Documents like the following one can be written in Markdown:
--- title: Just say hello! author: My Friend header-includes: | \usepackage{tikz,pgfplots} \usepackage{fancyhdr} \pagestyle{fancy} \fancyhead[CO,CE]{This is fancy} \fancyfoot[CO,CE]{So is this} \fancyfoot[LE,RO]{\thepage} abstract: This is a pandoc test with Markdown + inline LaTeX --- Just say hello! =============== This could be a good example or inlined \LaTeX: \begin{tikzpicture} \begin{axis} \addplot[color=red]{exp(x)}; \end{axis} \end{tikzpicture} %Here ends the furst plot \hskip 5pt %Here begins the 3d plot \begin{tikzpicture} \begin{axis} \addplot3[ surf, ] {exp(-x^2-y^2)*x}; \end{axis} \end{tikzpicture} And now, just a few words to terminate: > Goodbye folks!
Which can be converted to LaTeX using commands like this:
pandoc -s -i Hello.md -o Hello.tex
Following is an image of the converted
Hello.md
toHello.pdf
file using MiKTeX as LaTeX processor with the command:pandoc -s -i Hello.md -o Hello.pdf
Finally, there are some open source LaTeX templates like this one: https://github.com/Wandmalfarbe/pandoc-latex-template, that can be used for better formatting.
As always, the reader should dig deeper if he has less trivial use cases than presented here.
Perhaps mathJAX is the ticket. It's built on jsMath, a 2004 vintage JavaScript library.
As of 5-Feb-2015 I'd switch to recommend KaTeX - most performant Javascript LaTeX library from Khan Academy.
Add the following code to the top of your Markdown files to get MathJax rendering support
<style TYPE="text/css">
code.has-jax {font: inherit; font-size: 100%; background: inherit; border: inherit;}
</style>
<script type="text/x-mathjax-config">
MathJax.Hub.Config({
tex2jax: {
inlineMath: [['$','$'], ['\\(','\\)']],
skipTags: ['script', 'noscript', 'style', 'textarea', 'pre'] // removed 'code' entry
}
});
MathJax.Hub.Queue(function() {
var all = MathJax.Hub.getAllJax(), i;
for(i = 0; i < all.length; i += 1) {
all[i].SourceElement().parentNode.className += ' has-jax';
}
});
</script>
<script type="text/javascript" src="https://cdnjs.cloudflare.com/ajax/libs/mathjax/2.7.4/MathJax.js?config=TeX-AMS_HTML-full"></script>
and then `$x^2$` or `$$x^2$$` will render as expected :-)

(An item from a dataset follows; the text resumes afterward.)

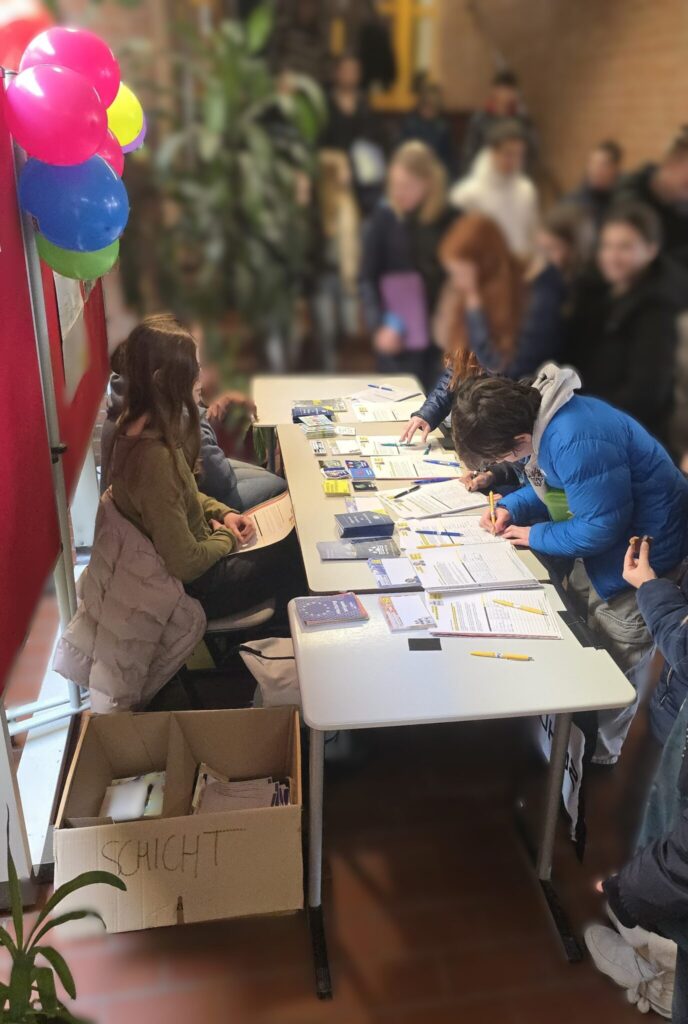 Mit diesen beiden Fällen – und sechs weiteren – wurden unsere Schülerinnen und Schüler in den Dezemberwochen vor allem in den Pausen konfrontiert. Sie konnten sich informieren und Unterschriften leisten, die anschließend gesammelt an Amnesty International weitergeleitet wurden. Von dort aus wurden sie gebündelt an staatliche Stellen, Richter:innen und Politiker:innen gesendet, um deutlich zu machen, dass es eine Öffentlichkeit gibt, die faire Gerichtsverfahren und die Einhaltung von Menschenrechtsstandards einfordert.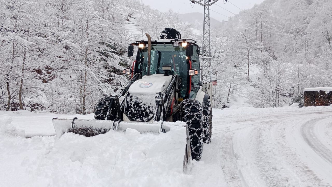 Trabzon'un yüksek kesimlerde dün gece etkili olan kar yağışı nedeniyle 70 mahalle yolu ulaşıma kapandı. Büyükşehir Belediyesi ekiplerinin yol açma çalışmaları sürüyor.

You can always install a local version of MathJax if you don't want to use the online distribution, but you might need to host it through a local webserver.

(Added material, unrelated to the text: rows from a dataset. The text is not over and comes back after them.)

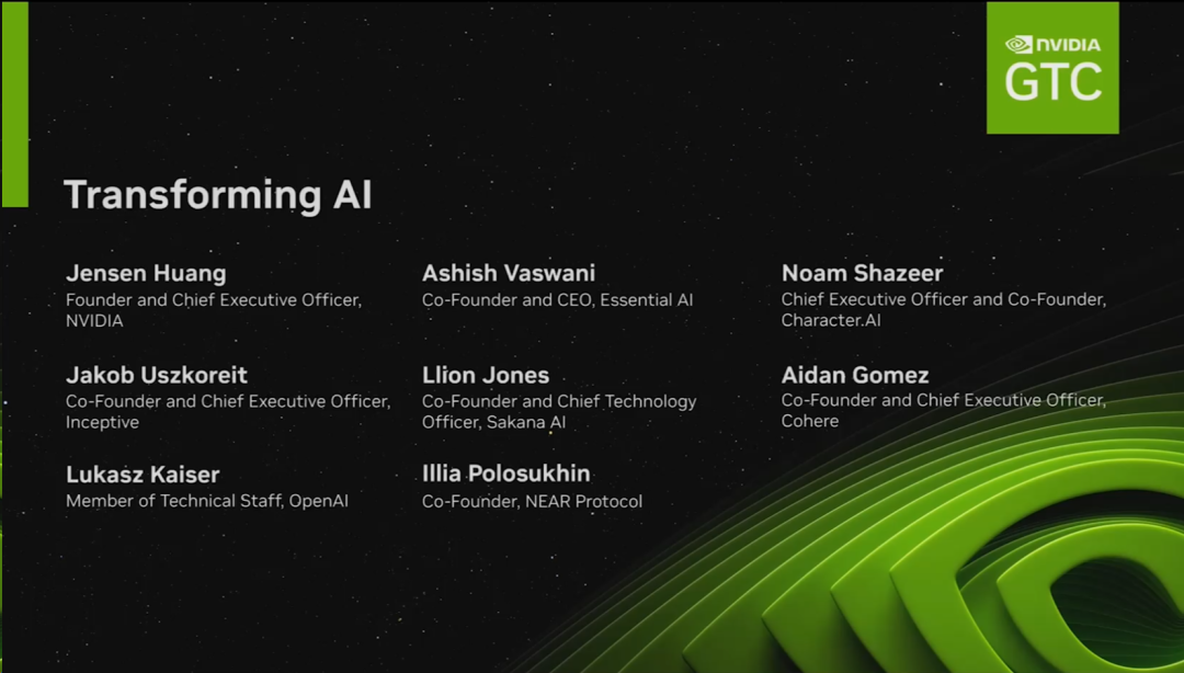 观众如此关注这场圆桌讨论的原因除了黄仁勋之外,还有英伟达预告的重磅嘉宾:Ashish Vaswani、Noam Shazeer、Niki Parmar、Jakob Uszkoreit、Llion Jones、Aidan Gomez、Lukasz Kaiser和Illia Polosukhin。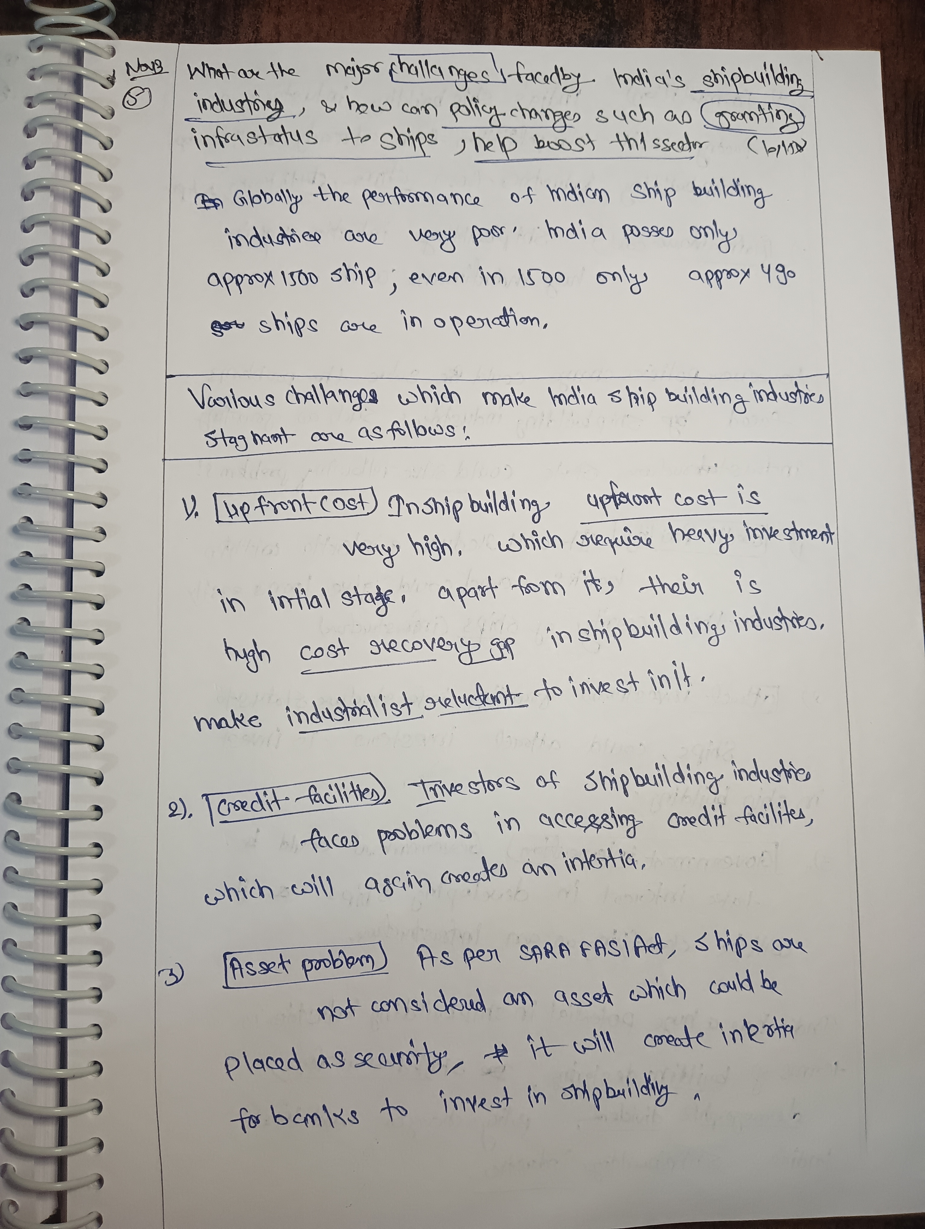 - Discuss the major challenges faced by India’s shipbuilding industry.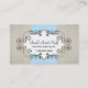 Ce carte de visite bleu doux de point de polka évoque la douceur de ses éléments graphiques à la palette de couleurs. L'arrière - plan est taupe avec un recouvrement de motif de point. La raison sociale, la description, et le contact principal se tiennent dans un cadre fleuri avec des enjolivures. L'inverse indique le même arrière - plan avec le reste d'information d'affaires avec l'élément cranté par bleu encadrant au dessus et au bas. Appropriez-vous pour des affaires adaptées au secteur girly, un établissement de nourriture qui se spécialise dans des festins doux ou une boutique. Disponible dans des couleurs alternatives avec les produits assortis.
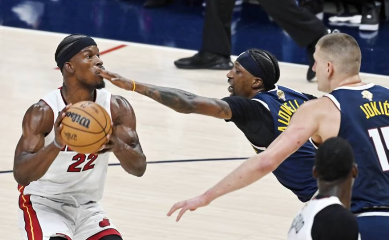吉祥坊在 NBA 总决赛第 4 场比赛中,丹佛掘金队的肯塔维厄斯·考德威尔-波普防守迈阿密热火队的吉米·巴特勒。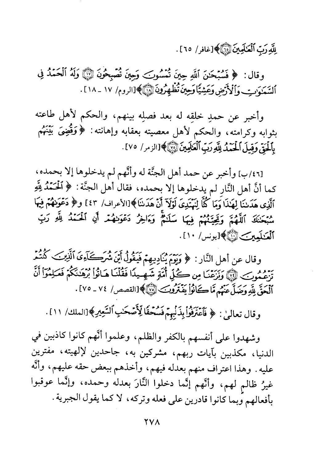 [46/ب] وأخبر عن حمد اهل الجنة له و لهم لم يدخلوها إلا بحمده،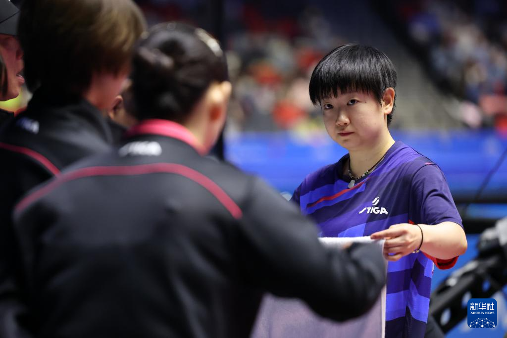 11月18日,河北队选手孙颖莎在比赛暂停阶段与队友交流,她在单打比赛中3比0战胜辽宁队选手陈幸同。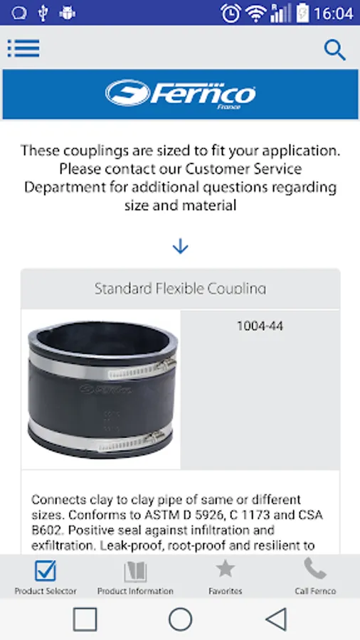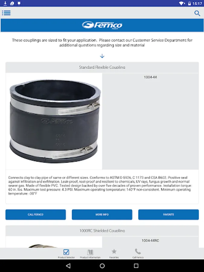 Fernco's app guides the user to simply find the Fernco coupling, lateral connection or pipe seal needed for their application. More information about all of Fernco products can easily be accessed from the app.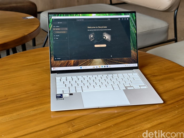 Kita bisa membuka bagian atasnya dengan satu tangan. Laptop ini mengintegrasikan sistem keamanan Microsoft Pluton yang mampu melindungi data dari ancaman siber dengan menggabungkan lapisan keamanan perangkat keras dan perangkat lunak. Selain itu, fitur Windows Hello dengan kamera IR AiSense memungkinkan login wajah yang aman dan cepat. Foto: Adi Fida Rahman/detikINET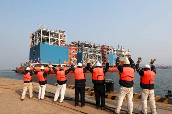 施工人員向先行裝船的模塊告別,這些模塊已經成為他們最親密的戰友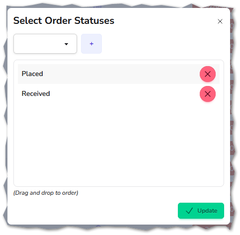| 5762 | Orders | A new 'Quick Status' option has been added to the orders list. This allows you to update multiple orders to the same status in one process. To use this feature, you should select the orders you wish to update, then use the 'Quick Statuses' button. ![]() Select the statuses you wish to be applied to the selected orders - you can choose more than one and select the order in which they are applied. e.g. For our selected 'Auto created' orders, we can choose to update their statuses to 'Placed', and also then 'Received'. ![]() This means it is no longer necessary to open each order to change the status. |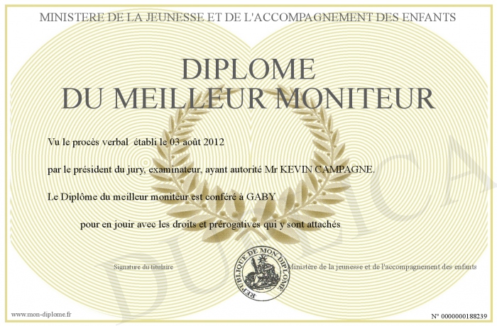 Envoyez par email votre Diplôme du MEILLEUR MONITEUR personalisé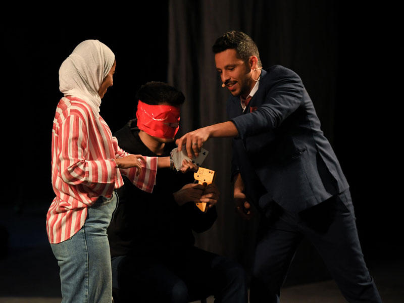 شهد مسرح الاستوديو في مركز الشيخ جابر الأحمد الثقافي عرضاً لخدع بصرية حصرية لـ "ذا إيلوجينستس"، بالإضافة إلى مشاركة مواهب من الشباب الكويتي فرقة "إماجن". وحضر العرض كوكبة من الجمهور الكويتي، إلى جانب مؤسس مسرح الرعب الفنان عبدالعزيز المسلم الذي كان يتابع عن كثب كل المهارات والخدع البصرية، كما لو أنه يعرف خيوط اللعبة جيداً. وتحول المسرح إلى شعلة من النشاط الدؤوب، لفرقة "إماجن"، التي تتكون من 22 موهوباً كويتياً في فنون الخفة، بقيادة عبداللطيف الصالح، وجرت تحضيرات مكثفة سبقت العرض المصغر لكلا الفريقين، قبيل العروض الرسمية التي انطلقت أمس، وتستمر أربعة أيام متتالية، على خشبة المسرح الوطني، الذي تم تصميمه خصوصاً لاستيعاب عروض الأوبرا والأعمال الموسيقية والراقصة والباليه، مما يتيح أفقاً واسعة لنجوم هذا العرض، كي يطلقوا العنان لمواهبهم على مدى 100 دقيقة، ليقدموا الفرجة والإبهار في آن معاً.

UPDATE: these days I just use pandoc instead of canonical markdown, but the above is still useful.
I'll answer your question with a counter-question...

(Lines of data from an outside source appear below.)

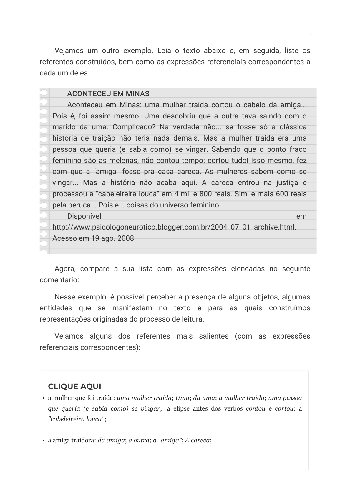 Vejamos um outro exemplo. Leia o texto abaixo e, em seguida, liste os referentes construídos, bem como as expressões referenciais correspondentes a cada um deles. ACONTECEU EM MINAS Aconteceu em Minas: uma mulher traída cortou o cabelo da amiga... Pois é, foi assim mesmo. Uma descobriu que a outra tava saindo com o marido da uma. Complicado? Na verdade não... se fosse só a clássica história de traição não teria nada demais. Mas a mulher traída era uma pessoa que queria (e sabia como) se vingar. Sabendo que o ponto fraco feminino são as melenas, não contou tempo: cortou tudo! Isso mesmo, fez com que a "amiga" fosse pra casa careca. As mulheres sabem como se vingar... Mas a história não acaba aqui. A careca entrou na justiça e processou a "cabeleireira louca" em 4 mil e 800 reais. Sim, e mais 600 reais pela peruca... Pois é... coisas do universo feminino. Disponível em http://www.psicologoneurotico.blogger.com.br/2004_07_01_archive.html. Acesso em 19 ago. 2008. Agora, compare a sua lista com as expressões elencadas no seguinte comentário: Nesse exemplo, é possível perceber a presença de alguns objetos, algumas entidades que se manifestam no texto e para as quais construímos representações originadas do processo de leitura. Vejamos alguns dos referentes mais salientes (com as expressões referenciais correspondentes): CLIQUE AQUI • a mulher que foi traída: uma mulher traída; Uma; da uma; a mulher traída; uma pessoa que queria (e sabia como) se vingar; a elipse antes dos verbos contou e cortou; a "cabeleireira louca"; • a amiga traidora: da amiga; a outra; a “amiga”; A careca; 104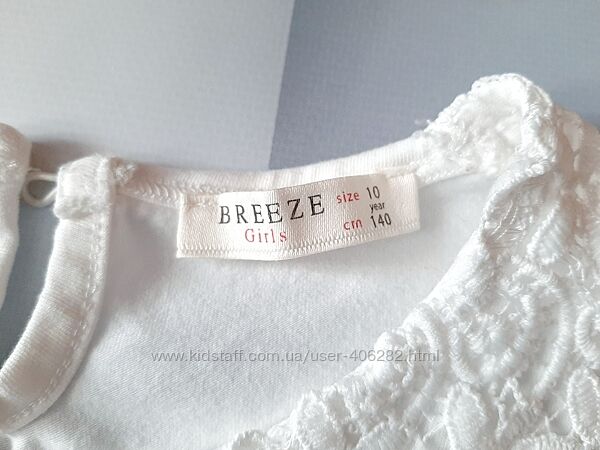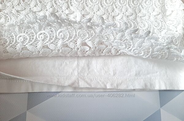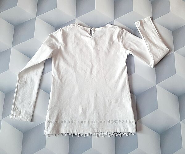 Блузка трикотажна з мереживом насиченого молочного кольору, фото не передає. В ідеальному стані, не носили зовсім (переросли), тільки приміряли. Бірочка не збережена. Вказано розмір 140, більшомірить 🏷Заміри: Плечі- 30 ОГ- 37 Рукав від плеча- 48,5 Рукав по внутрішньому шву- 39,5 Довжина- 54,5 разом з мереживом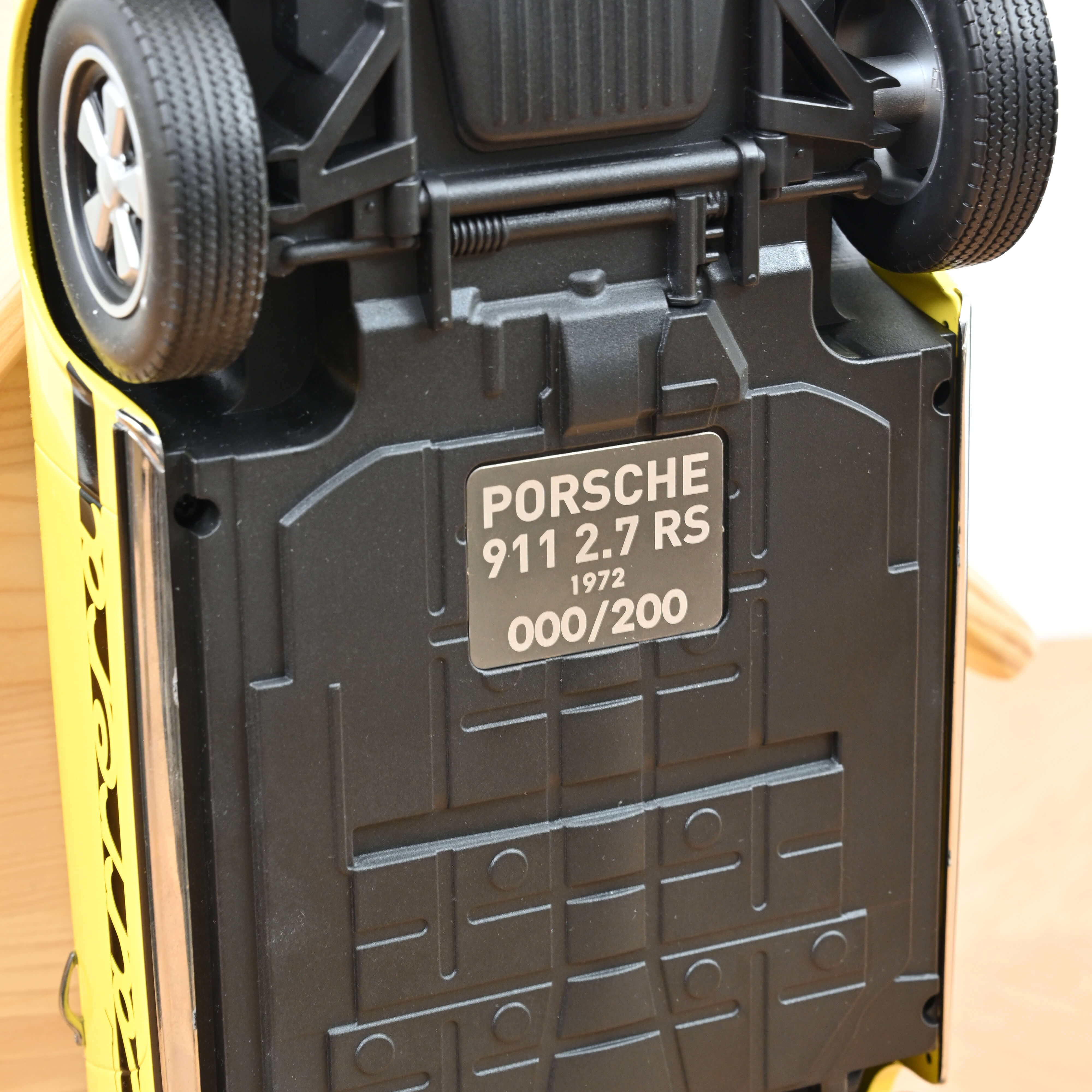 The Carrera RS 2.7 is considered the epitome of lightweight design in road vehicles. Originally developed as a homologation model for motorsport, it was the first production car to feature both front and rear spoilers. Particularly striking is its light yellow paintwork with black stripes, which emphasizes the car’s sporty character. Through targeted weight reduction, an optimized chassis, and an upgraded engine, the RS 2.7 became the fastest production car of its time—thanks in part to its iconic "ducktail" spoiler. Although only 500 units were initially planned, demand far exceeded expectations. In the end, 1,580 cars were built, 1,308 of which were the Touring version we faithfully replicate in 1:12 scale.

What do you think of Org-mode? It's not as pure as Markdown, but it is Markdown-like, and I find it as easy to work with, and it allows embedding of Latex. Cf. http://www.gnu.org/software/emacs/manual/html_node/org/Embedded-LaTeX.html
Postscript
In case you haven't looked at org-mode, it has one great strength as a general purpose "natural markup language" over Markdown, namely its treatment of tables. The source:
| 1 | 0 | 0 | | -1 | 1 | 0 | | -1 | -1 | 1 |
represents just what you think it will...
And the Latex is rendered in pieces using tex-mode's preview-latex.
you should look at multimarkdown http://fletcherpenney.net/multimarkdown/
it has support for metadata (headers, keywords, date, author, etc), tables, asciimath, mathml, hell i'm sure you could stick latex math code right in there. it's basically an extension to markdown to add all these other very useful features. It uses XSLT, so you can easily whip up your own LaTeX styles, and have it directly convert. I use it all the time, and I like it a lot.
I wish the markdown would just incorporate multimarkdown. it would be rather nice.
Edit: Multimarkdown will produce html, latex, and a few other formats. html can come with a style sheet of your choice. it will convert into MathML as well, which displays in Firefox and Safari/Chrome, if I remember correctly.
RStudio has a good free IDE that allows for Markdown and LaTeX.
kramdown does exactly what you describe:
https://kramdown.gettalong.org/syntax.html#math-blocks
And it's way more reliable and well-defined than Markdown.